EXERCISE:
Pictures in the entries below are excluded; copy only the lines from the one containing "Подоконник в детской" to the one containing "A red and white", both included.

DATA PROVIDED:

════════════════

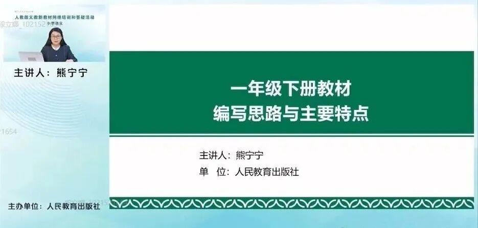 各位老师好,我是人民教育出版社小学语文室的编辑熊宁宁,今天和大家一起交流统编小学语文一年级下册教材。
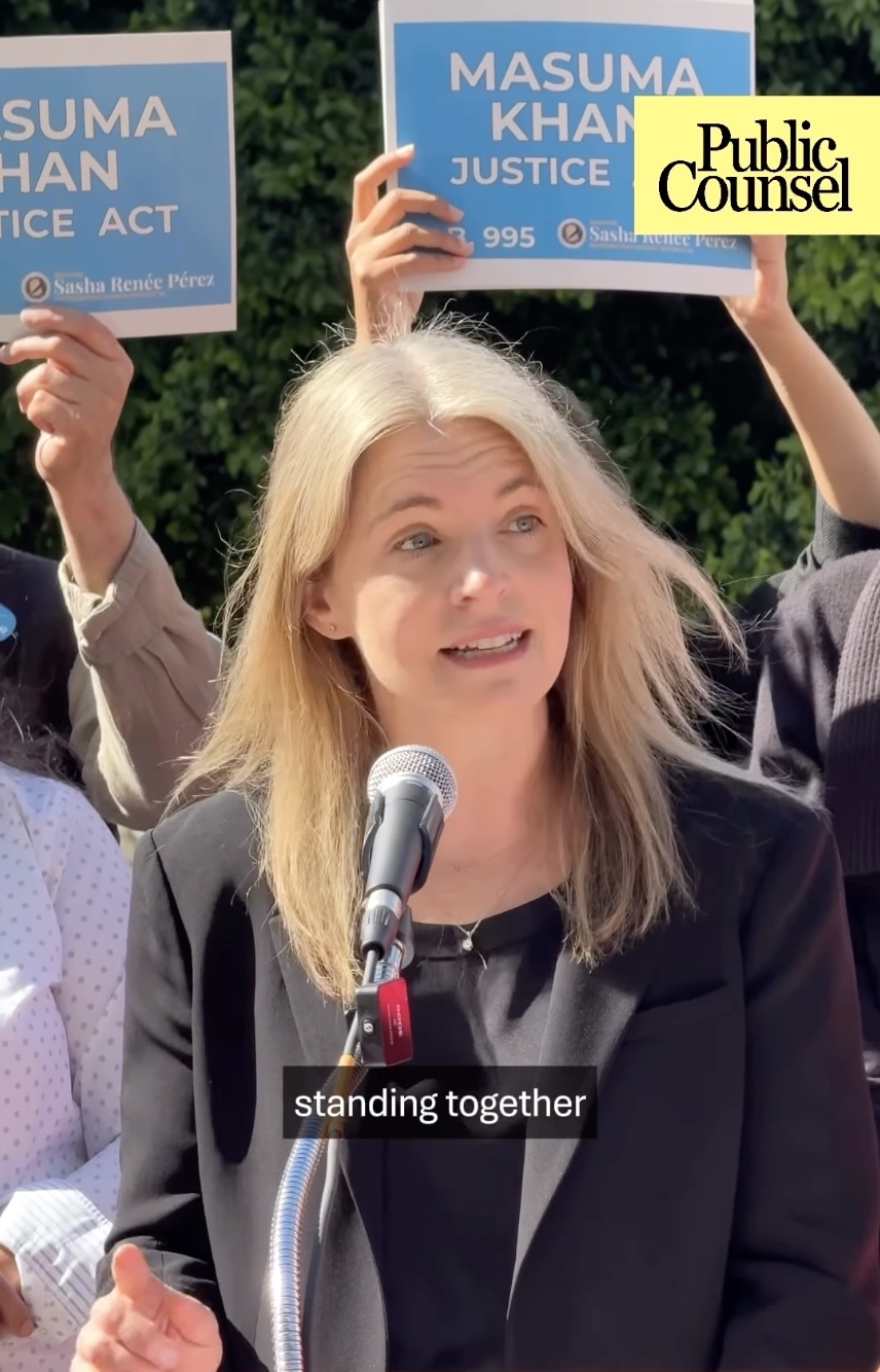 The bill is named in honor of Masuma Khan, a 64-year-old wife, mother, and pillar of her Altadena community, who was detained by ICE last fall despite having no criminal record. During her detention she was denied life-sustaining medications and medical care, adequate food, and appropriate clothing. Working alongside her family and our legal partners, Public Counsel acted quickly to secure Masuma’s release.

════════════════

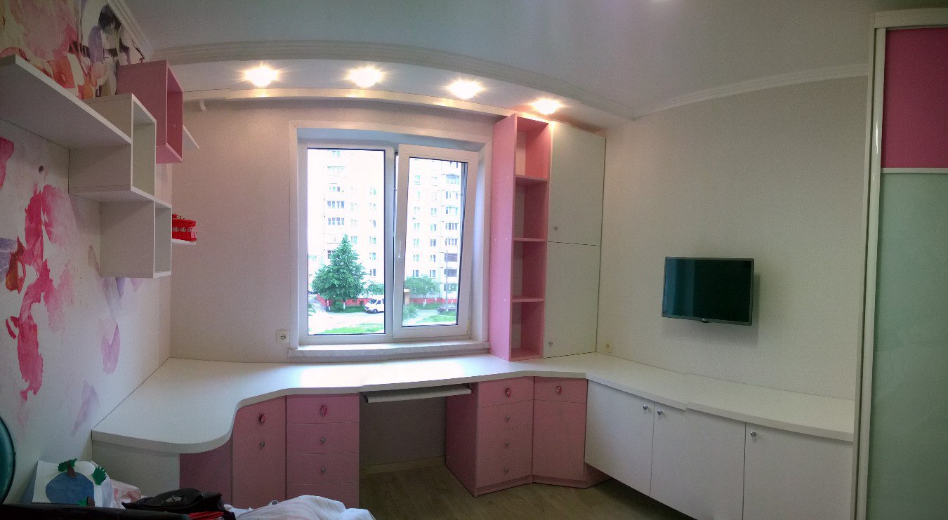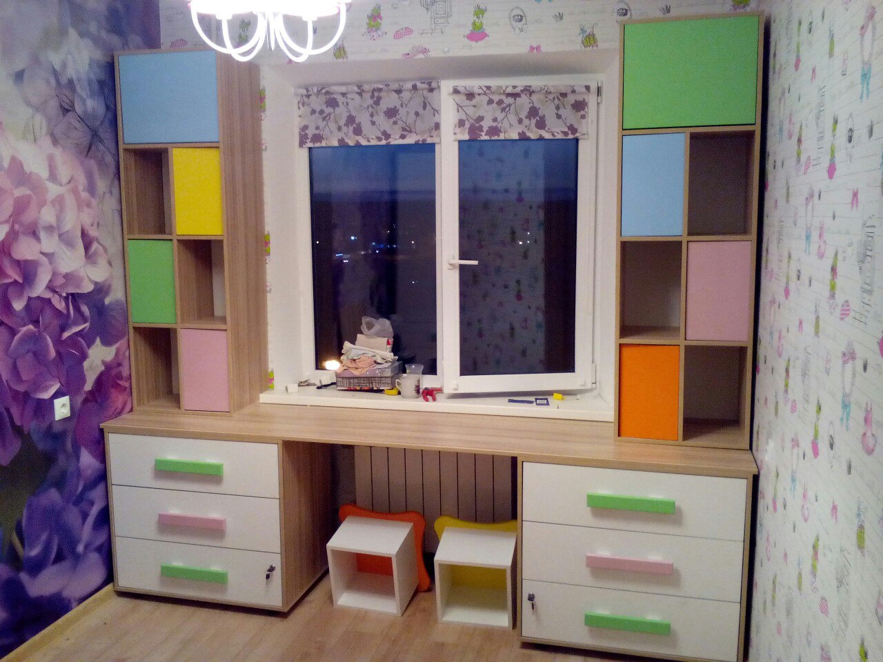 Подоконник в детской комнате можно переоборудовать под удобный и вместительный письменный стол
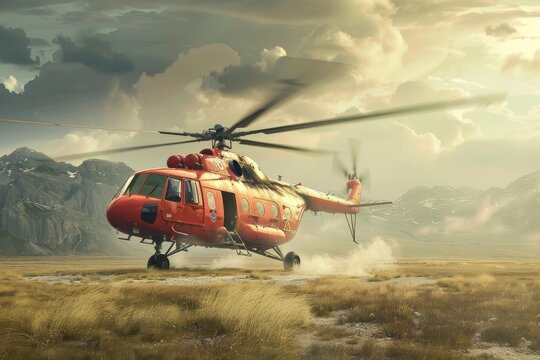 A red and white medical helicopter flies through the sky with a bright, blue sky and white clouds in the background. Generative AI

════════════════

YOUR SOLUTION:
 Подоконник в детской комнате можно переоборудовать под удобный и вместительный письменный стол
 A red and white medical helicopter flies through the sky with a bright, blue sky and white clouds in the background. Generative AI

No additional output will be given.